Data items
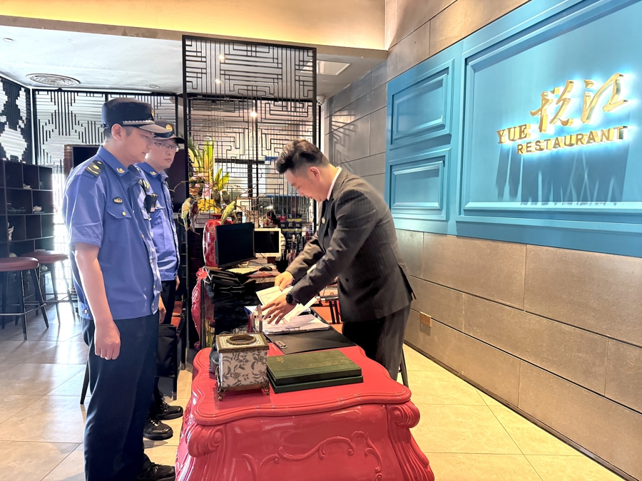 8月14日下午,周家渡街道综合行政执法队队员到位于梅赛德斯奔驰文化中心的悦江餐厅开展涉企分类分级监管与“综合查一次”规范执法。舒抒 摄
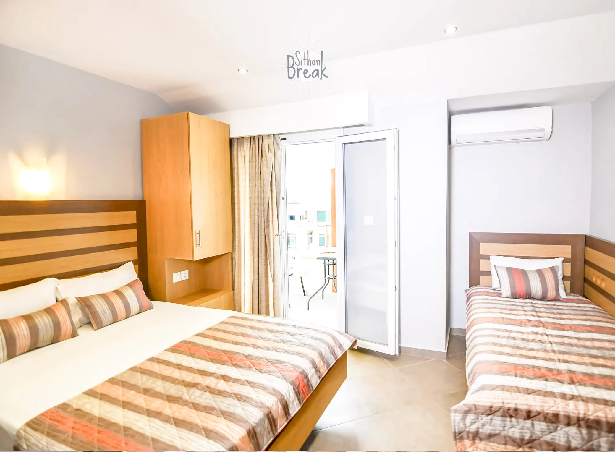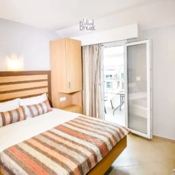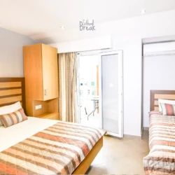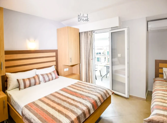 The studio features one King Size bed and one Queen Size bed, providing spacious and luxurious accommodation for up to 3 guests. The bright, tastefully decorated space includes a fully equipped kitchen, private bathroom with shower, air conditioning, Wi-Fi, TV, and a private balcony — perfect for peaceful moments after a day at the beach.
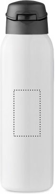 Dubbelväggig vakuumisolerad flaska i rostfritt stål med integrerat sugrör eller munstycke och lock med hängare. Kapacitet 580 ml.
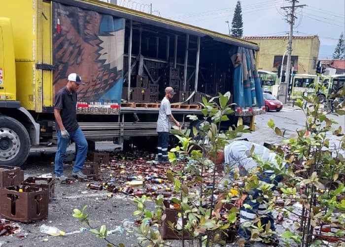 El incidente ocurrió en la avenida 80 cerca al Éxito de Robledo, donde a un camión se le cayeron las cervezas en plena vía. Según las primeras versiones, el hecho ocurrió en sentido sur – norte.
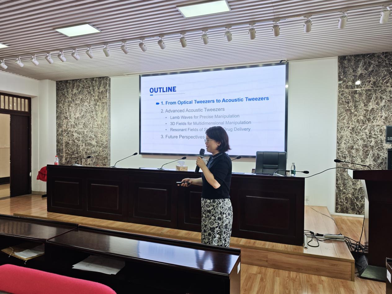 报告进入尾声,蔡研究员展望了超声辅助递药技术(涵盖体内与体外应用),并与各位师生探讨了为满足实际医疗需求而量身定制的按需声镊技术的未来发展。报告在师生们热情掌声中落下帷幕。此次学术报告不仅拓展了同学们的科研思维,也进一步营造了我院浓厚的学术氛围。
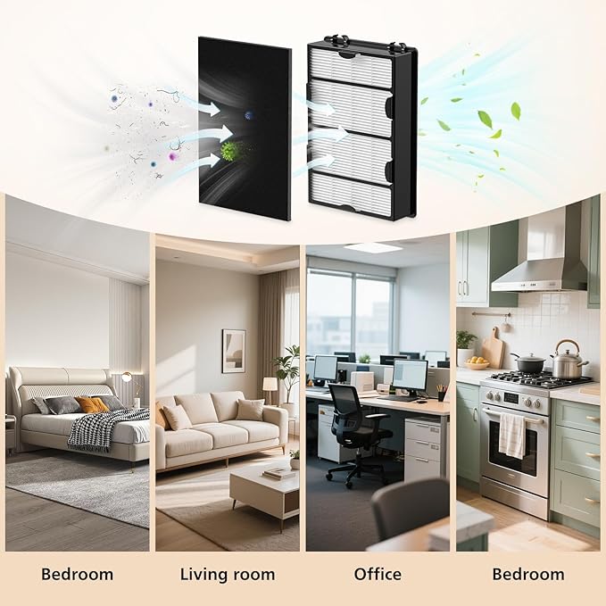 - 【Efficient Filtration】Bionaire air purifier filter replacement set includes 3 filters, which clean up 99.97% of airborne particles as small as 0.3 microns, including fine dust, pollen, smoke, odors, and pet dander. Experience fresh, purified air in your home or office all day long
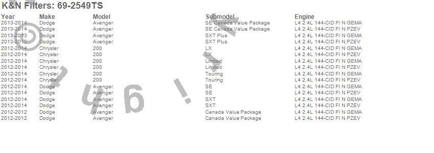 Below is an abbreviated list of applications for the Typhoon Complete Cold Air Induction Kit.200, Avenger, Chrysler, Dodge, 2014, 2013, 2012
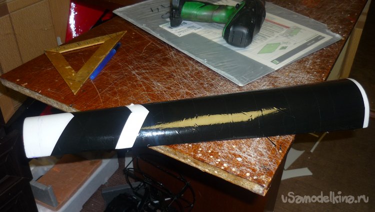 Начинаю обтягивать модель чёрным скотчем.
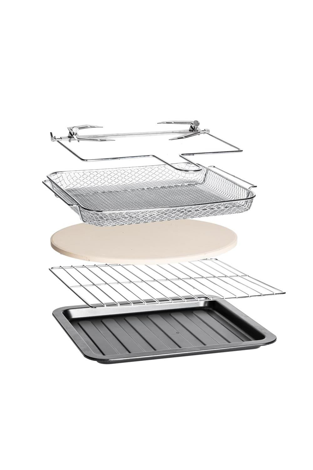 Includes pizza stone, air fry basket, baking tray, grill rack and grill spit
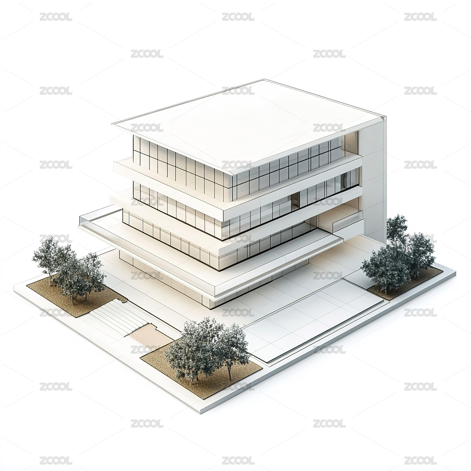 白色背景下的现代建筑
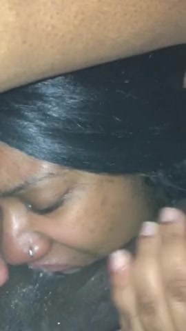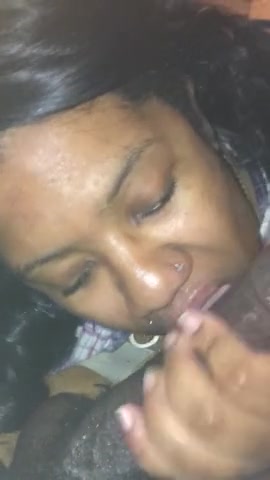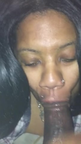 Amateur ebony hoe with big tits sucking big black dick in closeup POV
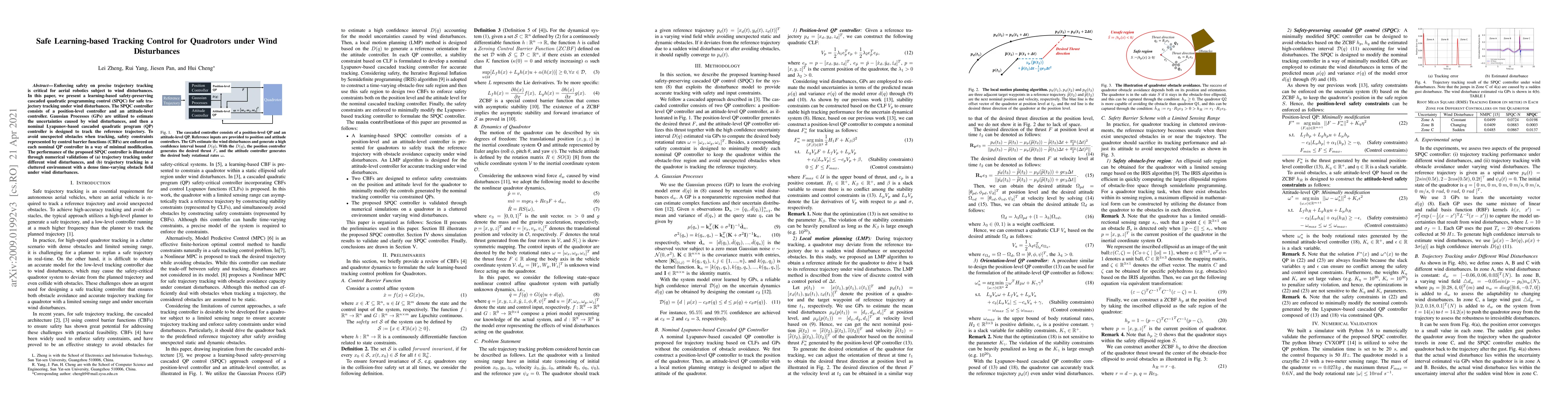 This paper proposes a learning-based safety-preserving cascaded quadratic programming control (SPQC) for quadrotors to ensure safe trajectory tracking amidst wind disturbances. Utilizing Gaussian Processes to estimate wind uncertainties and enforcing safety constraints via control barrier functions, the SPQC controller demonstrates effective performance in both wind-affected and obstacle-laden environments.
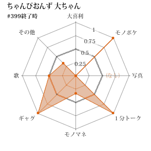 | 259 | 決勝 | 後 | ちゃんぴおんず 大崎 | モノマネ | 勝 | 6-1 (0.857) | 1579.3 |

== Work order ==
The records above must be retyped exactly. Please omit the pictures.

== Reply ==
 8月14日下午,周家渡街道综合行政执法队队员到位于梅赛德斯奔驰文化中心的悦江餐厅开展涉企分类分级监管与“综合查一次”规范执法。舒抒 摄
 The studio features one King Size bed and one Queen Size bed, providing spacious and luxurious accommodation for up to 3 guests. The bright, tastefully decorated space includes a fully equipped kitchen, private bathroom with shower, air conditioning, Wi-Fi, TV, and a private balcony — perfect for peaceful moments after a day at the beach.
 Dubbelväggig vakuumisolerad flaska i rostfritt stål med integrerat sugrör eller munstycke och lock med hängare. Kapacitet 580 ml.
 El incidente ocurrió en la avenida 80 cerca al Éxito de Robledo, donde a un camión se le cayeron las cervezas en plena vía. Según las primeras versiones, el hecho ocurrió en sentido sur – norte.
 报告进入尾声,蔡研究员展望了超声辅助递药技术(涵盖体内与体外应用),并与各位师生探讨了为满足实际医疗需求而量身定制的按需声镊技术的未来发展。报告在师生们热情掌声中落下帷幕。此次学术报告不仅拓展了同学们的科研思维,也进一步营造了我院浓厚的学术氛围。
 - 【Efficient Filtration】Bionaire air purifier filter replacement set includes 3 filters, which clean up 99.97% of airborne particles as small as 0.3 microns, including fine dust, pollen, smoke, odors, and pet dander. Experience fresh, purified air in your home or office all day long
 Below is an abbreviated list of applications for the Typhoon Complete Cold Air Induction Kit.200, Avenger, Chrysler, Dodge, 2014, 2013, 2012
 Начинаю обтягивать модель чёрным скотчем.
 Includes pizza stone, air fry basket, baking tray, grill rack and grill spit
 白色背景下的现代建筑
 Amateur ebony hoe with big tits sucking big black dick in closeup POV
 This paper proposes a learning-based safety-preserving cascaded quadratic programming control (SPQC) for quadrotors to ensure safe trajectory tracking amidst wind disturbances. Utilizing Gaussian Processes to estimate wind uncertainties and enforcing safety constraints via control barrier functions, the SPQC controller demonstrates effective performance in both wind-affected and obstacle-laden environments.
 | 259 | 決勝 | 後 | ちゃんぴおんず 大崎 | モノマネ | 勝 | 6-1 (0.857) | 1579.3 |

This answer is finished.